Der Makrokosmos der EU wird auf den Mikrokosmos in den osteuropäischen Ländern übertragen. „Rund vier Millionen Bauernhöfe zählt Rumänien, kein anderes EU-Land hat eine solch zersplitterte Landwirtschaft. Der kleinste Teil – rund 12.000 Firmen – sind frühere Mammutbetriebe, die noch heute staatliche Flächen von bis zu 500 Hektar bewirtschaften und ihre Abnehmer im In- und Ausland haben, vor allem für nicht veredelte Primärprodukte wie Getreide, Ölsaaten und Lebendvieh. Wenngleich diese Firmen wirtschaftlich gut aufgestellt sind, bekommen sie die meisten EU-Direktzahlungen, weil sie die größte Lobby in der einheimischen Politik haben. Der große Rest der Höfe aber kämpft in Rumänien ums Überleben.

Die EU ist an dieser Zersplitterung der Landwirtschaft in Osteuropa interessiert, sie will die kleinen Bauernhöfe da einfach kaputt machen. Im westlichen Balkan etwa gibt es gute Bedingungen für den ach so modischen Öko-Anbau in den kleinen Familienunternehmen. Doch kosovarische, serbische, mazedonische Kleinproduzenten würden eine starke Konkurrenz für die etablierten, westlichen Produzenten darstellen, insofern sich ihre Regierungen der EU-Normen anpassen und Gelder aus Brüssel annehmen würden.

Die Zahl der Familienbauernhöfe sinkt dramatisch weiter, nicht nur in Rumänien, wo die meisten Jugendlichen in den Westen gehen und nicht mehr auf dem Feld ackern wollen, sondern auch in Westeuropa. Nicht nur aus Bequemlichkeit und wegen des einfacheren Lebens in den fremden, westlichen Großstädten. Die Agrarwirtschaft wurde in der EU zu einem hochriskanten Geschäft, in dem Kredite kaum zu bedienen sind und wo die Rentabilität eben von den obengenannten Subventionen abhängt, oder anders gesagt: Die Beamten entscheiden von meinem Business.
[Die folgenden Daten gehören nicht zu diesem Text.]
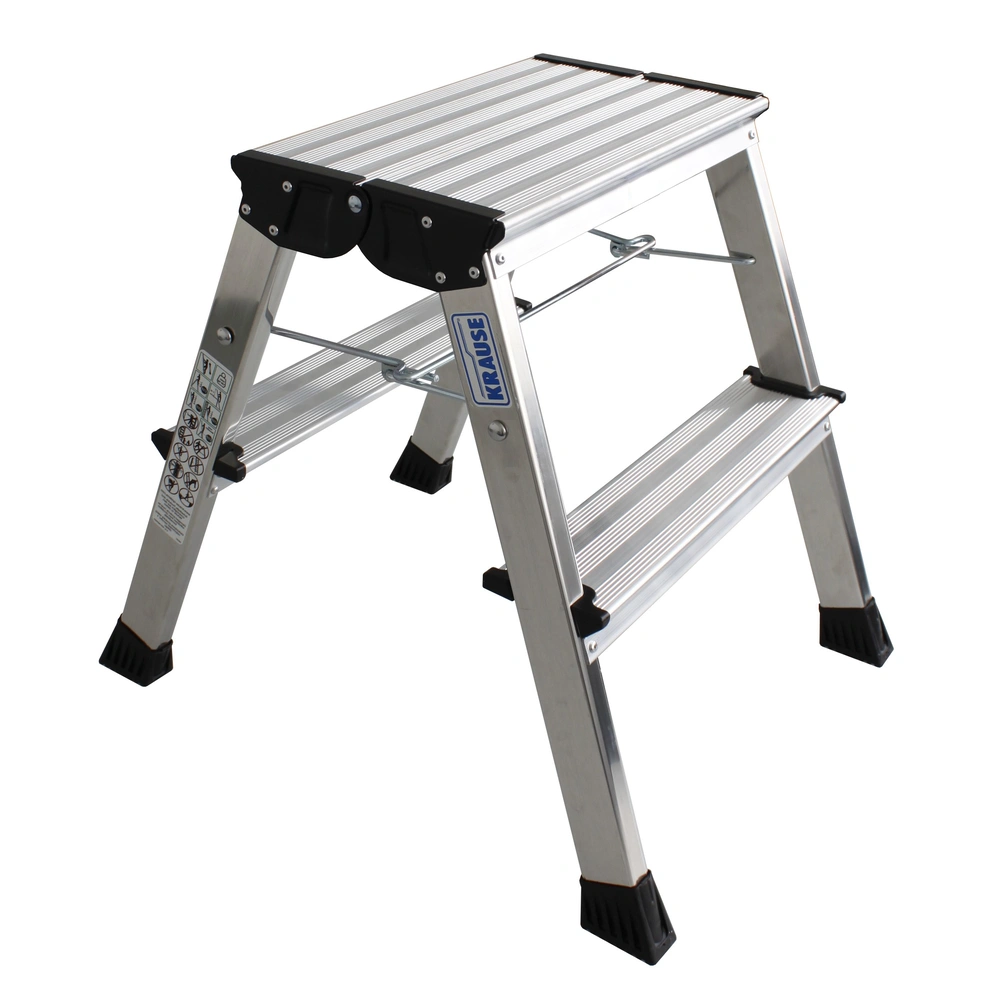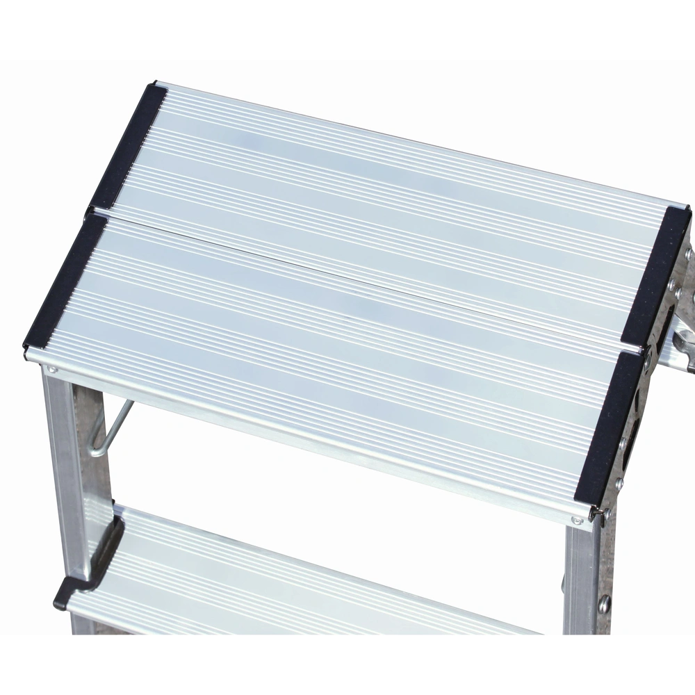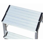 The lightweight and handy double-sided aluminium folding step is GS tested, can be climbed from both sides and provides a large top platform of 200 x 350 mm. It is provided with a roll/stop function.

Das Paradox hat auch andere Facetten: Während die EU die Erhaltung der alten Gemüse- und Obstsorten fördert, bekommen riesige Konzerne aus den anderen Teilen der Welt riesige Summen für den Anbau der modernen Sorten, die nach nichts schmecken und für einen Chemiker im Labor ein interessantes Subjekt der Untersuchung sein können. Kaufen Sie aber lieber bio! Diese Mammutbetriebe kaufen außerdem Futter und Düngerstoffe aus den entlegensten Regionen der Welt, um ihre Produktion zu „optimieren“. Wäre es nicht logisch, dass die EU ihre Subventionen nicht nach der Größe der Landwirtschaftsbetriebe, sondern nach ihrem CO2-Fussabdruck richtet? Man muss sich an der eigenen Logik halten oder?

Die EU-Bürokraten sind wie Drift-Fahrer, die die ganze Zeit auf Gaspedal drücken und gleichzeitig Bremse betätigen. Während die unzähligen EU-Projekte zur Erhaltung der selten gewordenen Gemüse-, Getreide-, und Obstsorten laufen und stets von der Förderung der gesunden Bio-Lebensmittel geredet wird, wird ein Abkommen mit Brasilien (Mercosur) unterzeichnet, kraft dem Fleisch aus dem mit GMO-gefütterten Vieh nach Europa gebracht werden solle. In der Europa zweier Geschwindigkeiten ändern sogar die Grünen in Deutschland ihre Meinung, wenn etwas den Lobbyisten gefällt und sind wohl nicht mehr so sehr entschieden gegen das Abkommen wie früher.

Fragen Sie sich nun: Warum klingt es: „Ich bin Bauer“, nicht stolz? 

Gemeinde El Ejido in der spanischen Almeria. Riesige Gewächshäuser und Landwirtschaftsbetriebe, die nur dank den EU-Subventionen und marokkanischen Billigarbeitskräften funktionieren. So soll die nachhaltige Zukunft Europas aussehen? Quelle: Wikipedia, El Ejido.